Conservation through conversation

eTown’s new Green Screens documentary series is a call to environmental action


Environmental documentary films have the power to raise awareness about some of the most pressing issues facing our planet. But, awareness isn’t the same as action, and often even the most powerful environmental documentaries can leave viewers wondering: What can I do? 

That’s why eTown has started its new Green Screens series. The ongoing documentary screening and community engagement program aims to inspire and help guide local and individual conservation action through film and conversation.  

“The truth is that we have to use every available technology and media to get the word out about climate change,” says Nick Forster, co-founder of eTown. “We started eTown to do that through music and conversation, and now we need to do more, and we need to do it faster.”

Green Screens is how eTown plans to do that: by screening environmental documentaries and following them up with discussions about how to act. 

“You never know what’s going to resonate, what’s going to reach someone, how a story might be impactful or even life-changing. So you keep trying,” Forster says. “The combination of the film and discussion will almost always be more successful than either on its own.” 

This is the first time eTown has done something dedicated specifically to environmental documentaries, says Caroline Johnson, eTown’s director of marketing and communications.

“Our overall goal is really to encourage people to come and have a conversation, engage, raise awareness and really drive action,” she says. 

Each of the Green Screen films will be followed by a panel discussion featuring experts, artists, filmmakers and scientists; people who can answer questions about the topic of each documentary and offer suggestions on how to make a difference at an individual and community level. 

In that brief moment after the credits roll, when the viewer is left wanting to help somehow — anyhow — they can find out how through the post-screening discussions.

“My dream scenario for watching documentaries is to have discussion afterwards,” says Erin Espelie, a filmmaker, writer, editor and assistant professor at CU’s department of cinema studies. “That dialogue is incredibly important for how people can feel engaged and feel like they’re actually being truly informed … any time you see a film, it becomes so much more meaningful to have discussion around it.
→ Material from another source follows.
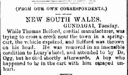 Thomas Belford was born in 1841 in Galway, Ireland. He emigrated to Australia, and in 1873, he married Ellen Ryan at Gundagai. They had four children. Thomas was a cordial manufacturer. Thomas died on the 14th day of February 1882, at Gundagai. He was attempting to cross a creek in a sprint cart when it capsized. Thomas was thrown on his head. It was reported that he was ‘removed in an insensible condition’ to Leary’s Hotel, where he was attended by Dr Ogg. Sadly, he died shortly afterwards. A boy who was in the cart at the time escaped unhurt. (ancestry 2016) (Nla.gov.au 2026)

It can enrich it.”

With the exception of this December, Green Screens will take place once a month. The first screening in the series was Oct. 29, and featured The Human Element, a documentary following filmmaker and photographer James Balog as he highlights the climate crisis around the world, exploring the effects of our race on the planet. 

On Tuesday, Nov. 20, eTown will host its second installment of the Green Screens series: Wasted! The Story of Food Waste. From executive producer Anthony Bourdain, Wasted! explores the dark side of our food system, exposing the negligent amount of food waste that our society produces. 

The panel afterwards will feature Lindsey Loberg, the program director of Boulder Food Rescue, and Arlan Preblud, the founder and executive director of We Don’t Waste, a food recovery organization based in Denver. 

“Any time you have a documentary like Wasted! it really does a lot to convey a message to the public,” Preblud says. “It serves a very useful purpose. Because, sometimes, it can be hard to get people to take action.”

For the nearly-Thanksgiving screening, eTown is also co-organizing a food drive in partnership with Community Food Share to spread some holiday love. They are looking for donated nut butters, canned tuna and chicken, canned fruits and vegetables, cereal and oatmeal, pasta and canned sauce, baby food and formula, soup, stew, and beans (canned or dry). And please avoid glass containers, Johnson adds. 

eTown’s Green Screens is providing the community of Boulder with an engine for environmental action. The hope is not only going to inspire people to do something about climate change, but introduce them with the resources to action. 

That’s the goal at least, says Johnson. 

“We’re really trying to create this call to action within the community,” she says. “And to connect people with ways to make a difference.”